§ Requirement:
Retrieve every line from the records in which the word "with" occurs.

§ Input data:
--*--

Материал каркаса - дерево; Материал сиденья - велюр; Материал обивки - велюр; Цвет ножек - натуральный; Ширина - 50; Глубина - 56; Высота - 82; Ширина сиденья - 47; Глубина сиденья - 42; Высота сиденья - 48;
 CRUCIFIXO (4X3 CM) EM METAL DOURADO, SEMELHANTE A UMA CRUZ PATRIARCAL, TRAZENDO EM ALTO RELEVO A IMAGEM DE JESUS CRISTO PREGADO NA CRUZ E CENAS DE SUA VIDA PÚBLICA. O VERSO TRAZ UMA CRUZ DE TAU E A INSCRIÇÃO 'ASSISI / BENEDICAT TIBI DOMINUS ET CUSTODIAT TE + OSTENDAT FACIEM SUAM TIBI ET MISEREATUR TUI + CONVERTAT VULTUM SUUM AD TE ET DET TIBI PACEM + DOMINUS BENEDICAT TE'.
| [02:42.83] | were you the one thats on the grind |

--*--

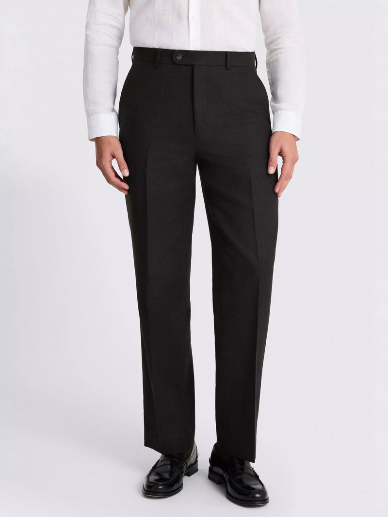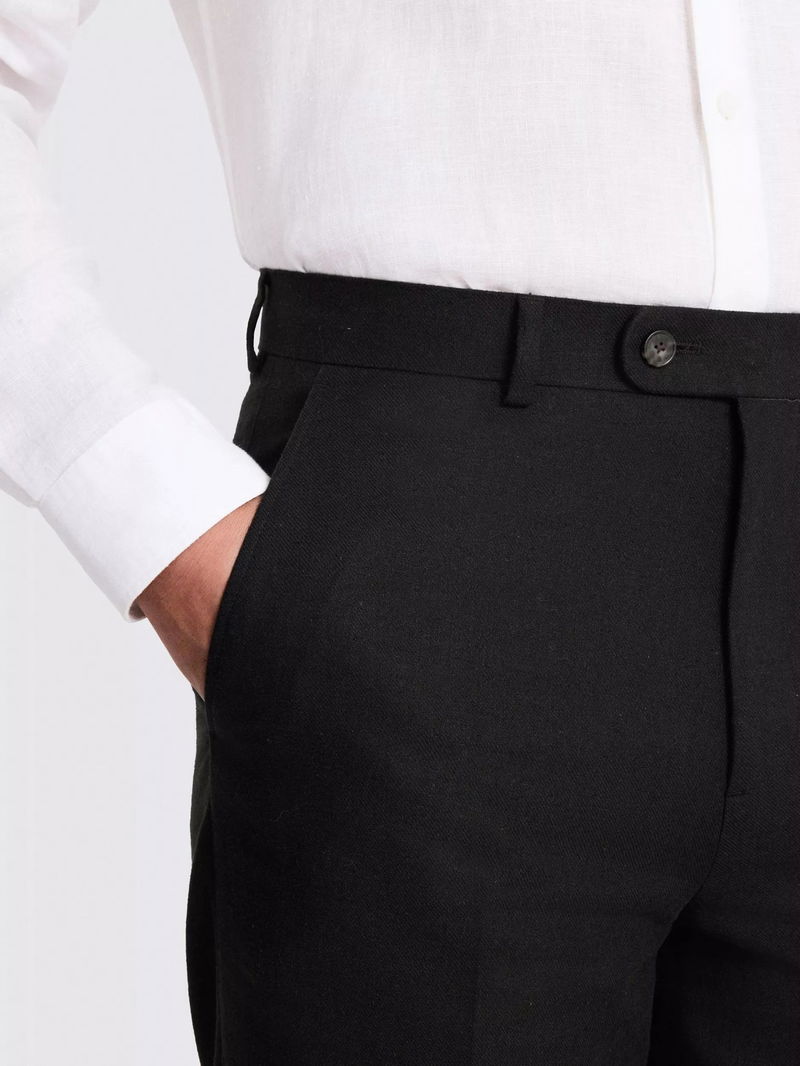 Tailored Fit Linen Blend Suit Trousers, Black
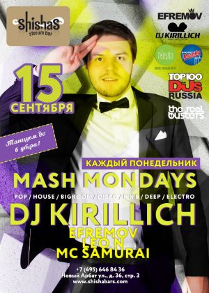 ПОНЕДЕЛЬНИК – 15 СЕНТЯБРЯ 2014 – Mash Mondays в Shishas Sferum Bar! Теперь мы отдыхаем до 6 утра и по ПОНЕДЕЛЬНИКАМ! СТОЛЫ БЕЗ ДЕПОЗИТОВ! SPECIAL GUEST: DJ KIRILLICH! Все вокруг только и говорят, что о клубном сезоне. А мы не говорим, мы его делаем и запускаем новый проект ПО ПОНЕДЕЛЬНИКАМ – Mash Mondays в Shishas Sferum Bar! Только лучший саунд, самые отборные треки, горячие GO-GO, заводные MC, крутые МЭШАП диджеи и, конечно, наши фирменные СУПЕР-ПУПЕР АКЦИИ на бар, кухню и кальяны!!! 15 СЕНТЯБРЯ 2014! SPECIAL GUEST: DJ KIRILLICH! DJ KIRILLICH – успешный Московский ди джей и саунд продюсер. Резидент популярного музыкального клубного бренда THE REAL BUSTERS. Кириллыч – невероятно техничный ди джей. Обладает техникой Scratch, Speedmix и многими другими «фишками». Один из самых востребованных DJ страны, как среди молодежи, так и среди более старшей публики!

--*--

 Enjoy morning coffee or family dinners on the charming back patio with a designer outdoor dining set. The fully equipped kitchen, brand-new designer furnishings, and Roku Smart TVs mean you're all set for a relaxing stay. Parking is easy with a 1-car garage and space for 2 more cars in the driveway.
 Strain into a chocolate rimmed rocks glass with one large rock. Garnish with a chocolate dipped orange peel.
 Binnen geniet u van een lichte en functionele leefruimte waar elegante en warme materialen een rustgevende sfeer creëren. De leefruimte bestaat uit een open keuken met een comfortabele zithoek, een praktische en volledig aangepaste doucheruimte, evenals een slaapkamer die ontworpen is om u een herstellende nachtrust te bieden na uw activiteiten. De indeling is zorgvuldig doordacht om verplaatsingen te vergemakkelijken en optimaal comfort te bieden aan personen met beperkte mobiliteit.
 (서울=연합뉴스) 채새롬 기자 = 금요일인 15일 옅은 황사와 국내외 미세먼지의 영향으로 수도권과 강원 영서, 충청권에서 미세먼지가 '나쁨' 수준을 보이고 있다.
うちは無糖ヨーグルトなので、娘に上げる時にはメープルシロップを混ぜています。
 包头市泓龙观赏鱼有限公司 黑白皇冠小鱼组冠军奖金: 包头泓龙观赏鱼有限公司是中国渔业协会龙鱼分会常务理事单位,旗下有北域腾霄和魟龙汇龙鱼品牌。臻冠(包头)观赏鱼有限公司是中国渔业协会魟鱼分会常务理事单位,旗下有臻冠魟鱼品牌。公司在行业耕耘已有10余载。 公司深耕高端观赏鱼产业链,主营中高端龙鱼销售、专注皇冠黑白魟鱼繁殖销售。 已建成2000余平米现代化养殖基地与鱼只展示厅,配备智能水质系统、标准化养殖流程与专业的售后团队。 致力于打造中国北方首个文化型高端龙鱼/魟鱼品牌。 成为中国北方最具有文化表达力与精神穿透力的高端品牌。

--*--

§ Answer box:
 Enjoy morning coffee or family dinners on the charming back patio with a designer outdoor dining set. The fully equipped kitchen, brand-new designer furnishings, and Roku Smart TVs mean you're all set for a relaxing stay. Parking is easy with a 1-car garage and space for 2 more cars in the driveway.
 Strain into a chocolate rimmed rocks glass with one large rock. Garnish with a chocolate dipped orange peel.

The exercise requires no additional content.